Zimmer has said that Christie's top officials suggested to her last May that Hurricane Sandy aid for the mile-square city was tied to Zimmer's support of development plans by a private company, the Rockefeller Group, which had been buying land in uptown Hoboken.
On Wednesday, MSNBC reported that Zimmer said she had told five people about the situation last year after it happened, including Zimmer's chief of staff, Dan Bryan, and her spokesman, Juan Melli. MSNBC quoted sources as saying that Bryan and Melli were already questioned by the FBI.
MSNBC also quoted Councilman David Mello as saying that Zimmer mentioned key conversations with Lt. Gov. Kim Guadagnano to him last summer.

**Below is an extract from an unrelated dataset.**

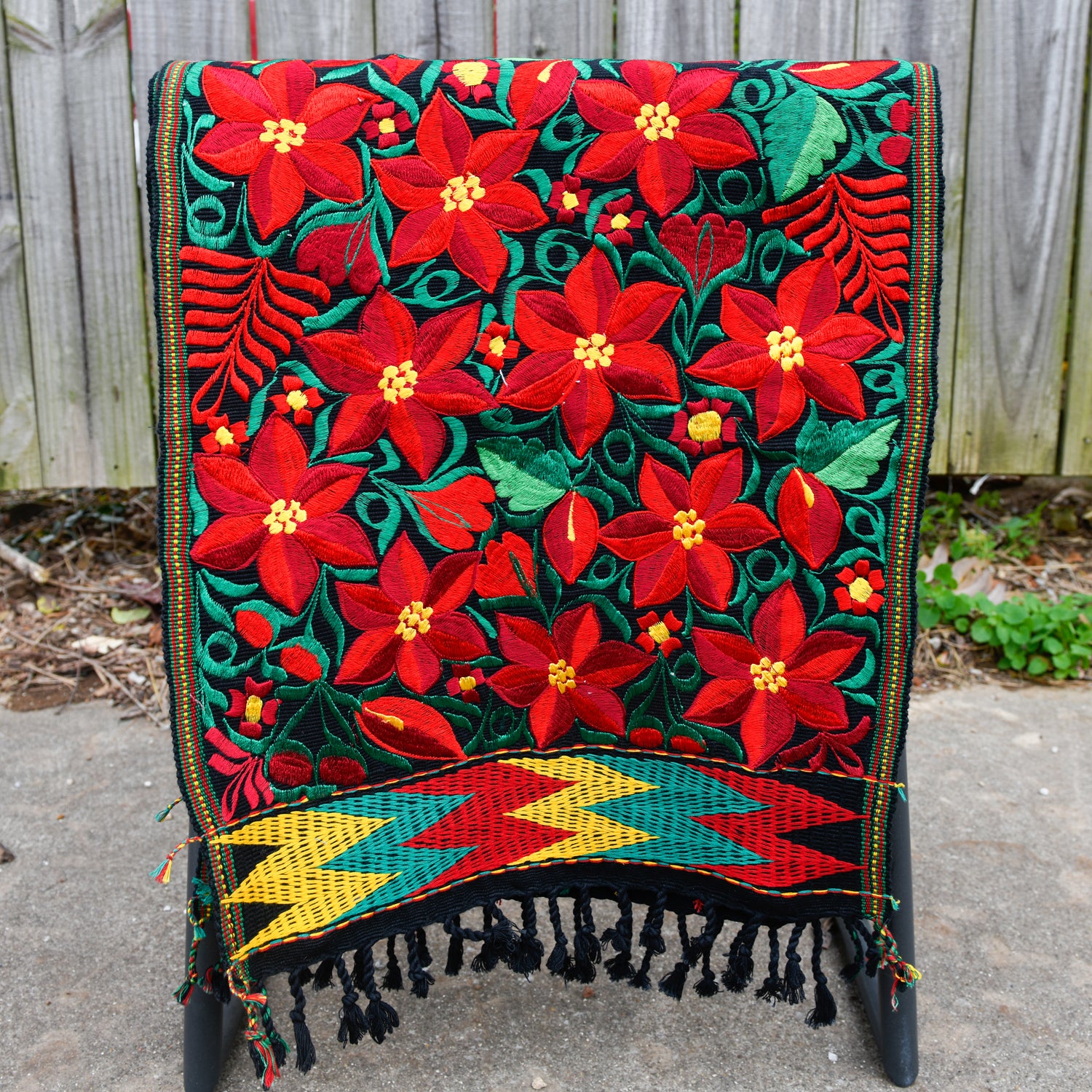 Large Poinsettia Embroidered Table Runner

The Hoboken Reporter interviewed Zimmer this past Saturday night and asked her whom she had told about the conversations, but Zimmer declined at the time to say.
At a busy City Council meeting Wednesday night, many residents spoke about the issue, and the council sparred over whether to hire Krovatin, who has already represented the city in several lawsuits. Krovatin and wife Anna Quindlen, the writer, lived in Hoboken for many years.
One resident on Wednesday praised the mayor's "courage." Another said the mayor was being hypocritical, as Zimmer recently said she had terminated her former public safety director because he was asked to do something illegal by a developer and never told anyone about it. The issue arose recently because the fired employee was awarded $1 million from the city as a result.